-------- EXTRACTED MATERIAL

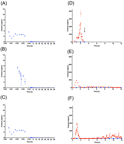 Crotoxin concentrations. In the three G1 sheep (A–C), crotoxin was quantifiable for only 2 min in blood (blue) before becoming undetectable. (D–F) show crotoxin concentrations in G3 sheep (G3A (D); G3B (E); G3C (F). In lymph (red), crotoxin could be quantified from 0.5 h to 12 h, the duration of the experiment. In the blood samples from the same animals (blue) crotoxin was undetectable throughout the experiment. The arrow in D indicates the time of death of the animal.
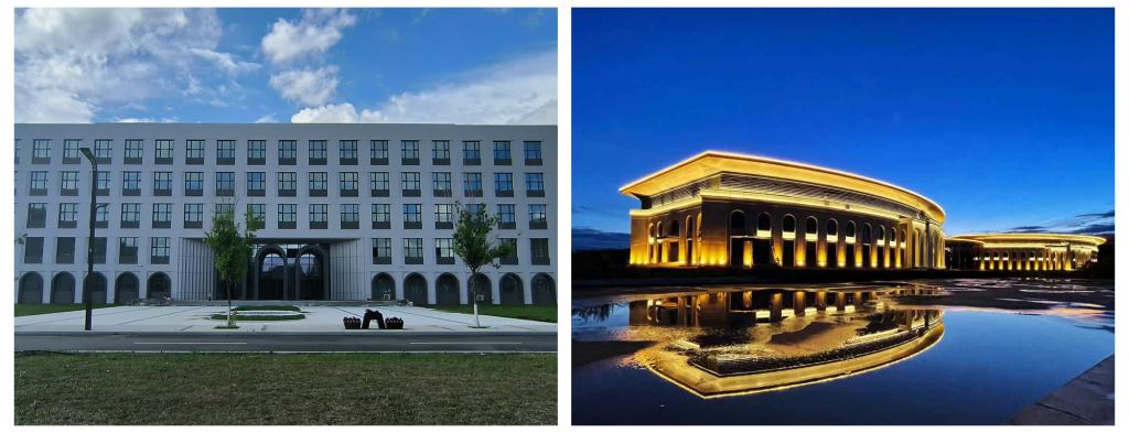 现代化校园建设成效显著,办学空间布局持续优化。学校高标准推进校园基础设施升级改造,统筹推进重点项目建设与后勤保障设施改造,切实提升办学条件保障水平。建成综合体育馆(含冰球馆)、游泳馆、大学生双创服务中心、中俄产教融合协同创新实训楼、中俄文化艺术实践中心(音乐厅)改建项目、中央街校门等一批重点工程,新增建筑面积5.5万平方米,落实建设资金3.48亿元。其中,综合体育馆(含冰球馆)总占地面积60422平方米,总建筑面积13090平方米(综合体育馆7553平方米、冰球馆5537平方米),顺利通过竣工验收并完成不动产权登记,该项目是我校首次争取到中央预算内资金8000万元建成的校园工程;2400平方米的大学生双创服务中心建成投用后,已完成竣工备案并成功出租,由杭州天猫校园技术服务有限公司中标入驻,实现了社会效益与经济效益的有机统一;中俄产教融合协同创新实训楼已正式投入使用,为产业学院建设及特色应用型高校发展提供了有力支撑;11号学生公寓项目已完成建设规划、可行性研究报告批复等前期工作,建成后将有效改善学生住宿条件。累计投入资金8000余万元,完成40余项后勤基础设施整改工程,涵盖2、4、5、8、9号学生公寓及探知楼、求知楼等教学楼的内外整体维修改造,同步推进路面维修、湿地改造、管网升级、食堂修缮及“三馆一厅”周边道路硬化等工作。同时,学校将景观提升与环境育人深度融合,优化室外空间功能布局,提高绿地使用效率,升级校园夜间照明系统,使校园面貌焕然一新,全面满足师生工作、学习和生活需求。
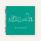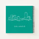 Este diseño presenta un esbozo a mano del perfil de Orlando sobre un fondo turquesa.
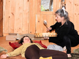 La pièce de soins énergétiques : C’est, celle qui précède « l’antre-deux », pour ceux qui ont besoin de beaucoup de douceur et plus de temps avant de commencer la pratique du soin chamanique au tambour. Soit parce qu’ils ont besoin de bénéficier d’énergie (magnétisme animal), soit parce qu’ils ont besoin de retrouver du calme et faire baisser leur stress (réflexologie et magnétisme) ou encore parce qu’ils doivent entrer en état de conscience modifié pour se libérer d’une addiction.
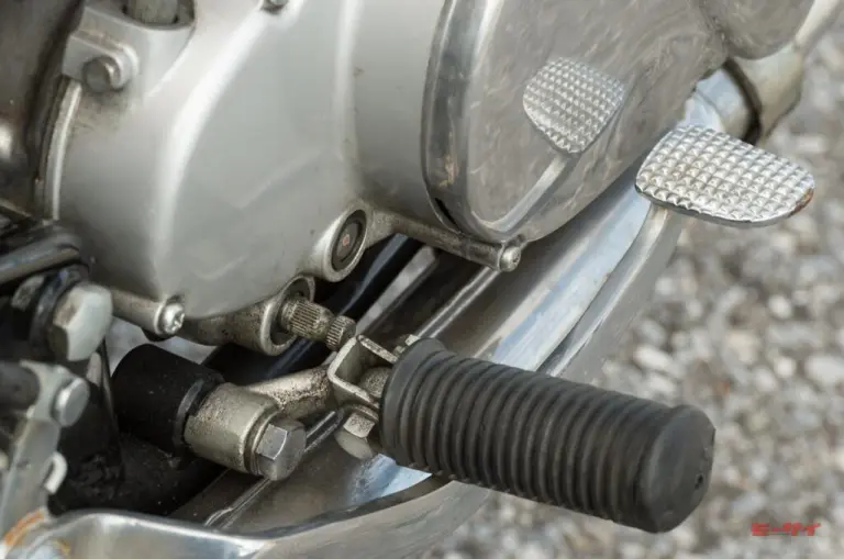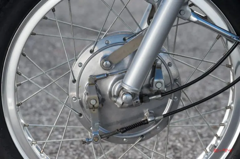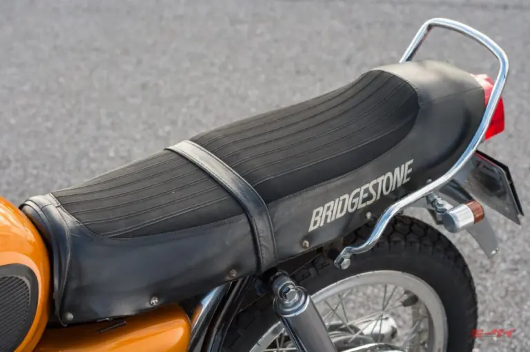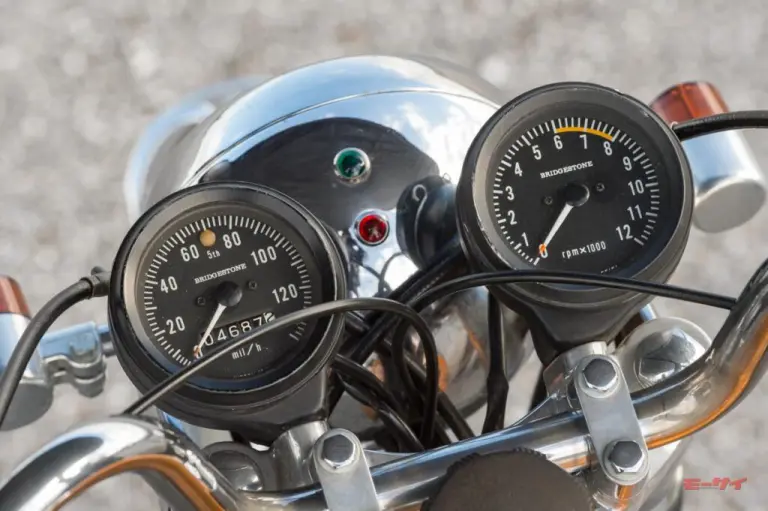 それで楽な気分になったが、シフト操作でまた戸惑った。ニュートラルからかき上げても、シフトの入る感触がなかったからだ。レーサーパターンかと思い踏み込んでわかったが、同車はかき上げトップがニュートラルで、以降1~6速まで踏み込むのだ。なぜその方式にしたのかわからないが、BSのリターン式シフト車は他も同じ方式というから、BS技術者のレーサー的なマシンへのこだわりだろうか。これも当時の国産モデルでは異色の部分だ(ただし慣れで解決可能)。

----------------
-------- EXTRACTED MATERIAL

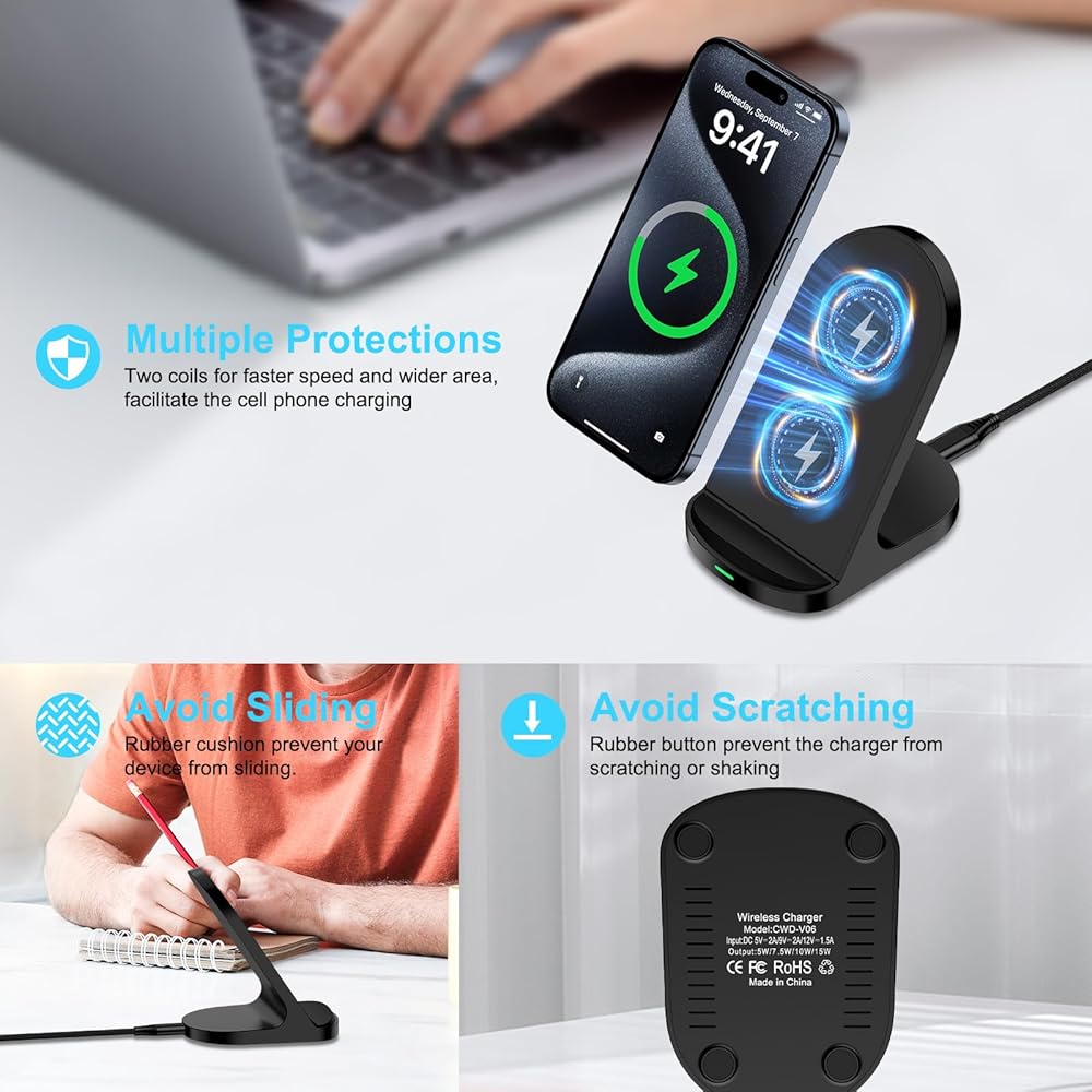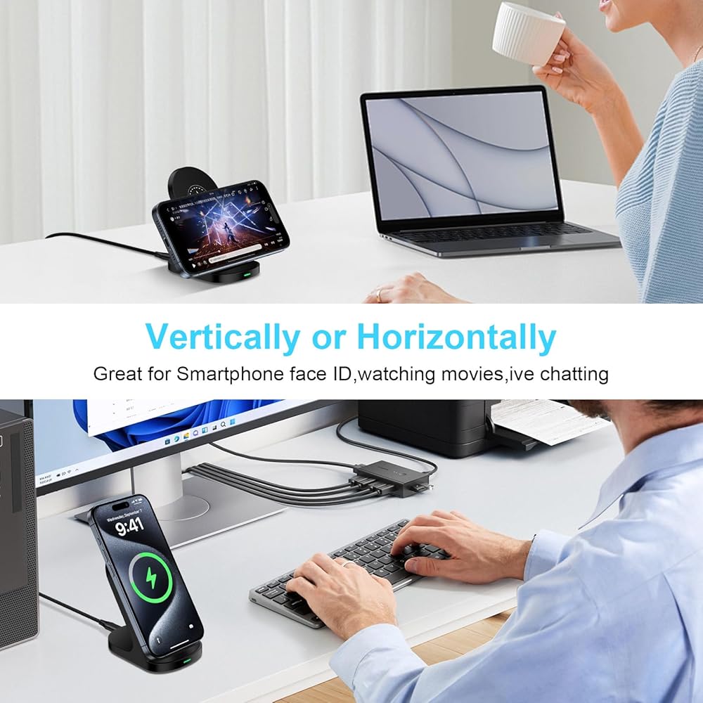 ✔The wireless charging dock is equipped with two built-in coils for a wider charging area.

----------------

> EXERCISE INSTRUCTIONS
Starting at the line containing "Crotoxin concentrations. In" and stopping at the line containing "Este diseño presenta", output every line above exactly, both ends included, with pictures omitted.

> RESPONSE BELOW
 Crotoxin concentrations. In the three G1 sheep (A–C), crotoxin was quantifiable for only 2 min in blood (blue) before becoming undetectable. (D–F) show crotoxin concentrations in G3 sheep (G3A (D); G3B (E); G3C (F). In lymph (red), crotoxin could be quantified from 0.5 h to 12 h, the duration of the experiment. In the blood samples from the same animals (blue) crotoxin was undetectable throughout the experiment. The arrow in D indicates the time of death of the animal.
 现代化校园建设成效显著,办学空间布局持续优化。学校高标准推进校园基础设施升级改造,统筹推进重点项目建设与后勤保障设施改造,切实提升办学条件保障水平。建成综合体育馆(含冰球馆)、游泳馆、大学生双创服务中心、中俄产教融合协同创新实训楼、中俄文化艺术实践中心(音乐厅)改建项目、中央街校门等一批重点工程,新增建筑面积5.5万平方米,落实建设资金3.48亿元。其中,综合体育馆(含冰球馆)总占地面积60422平方米,总建筑面积13090平方米(综合体育馆7553平方米、冰球馆5537平方米),顺利通过竣工验收并完成不动产权登记,该项目是我校首次争取到中央预算内资金8000万元建成的校园工程;2400平方米的大学生双创服务中心建成投用后,已完成竣工备案并成功出租,由杭州天猫校园技术服务有限公司中标入驻,实现了社会效益与经济效益的有机统一;中俄产教融合协同创新实训楼已正式投入使用,为产业学院建设及特色应用型高校发展提供了有力支撑;11号学生公寓项目已完成建设规划、可行性研究报告批复等前期工作,建成后将有效改善学生住宿条件。累计投入资金8000余万元,完成40余项后勤基础设施整改工程,涵盖2、4、5、8、9号学生公寓及探知楼、求知楼等教学楼的内外整体维修改造,同步推进路面维修、湿地改造、管网升级、食堂修缮及“三馆一厅”周边道路硬化等工作。同时,学校将景观提升与环境育人深度融合,优化室外空间功能布局,提高绿地使用效率,升级校园夜间照明系统,使校园面貌焕然一新,全面满足师生工作、学习和生活需求。
 Este diseño presenta un esbozo a mano del perfil de Orlando sobre un fondo turquesa.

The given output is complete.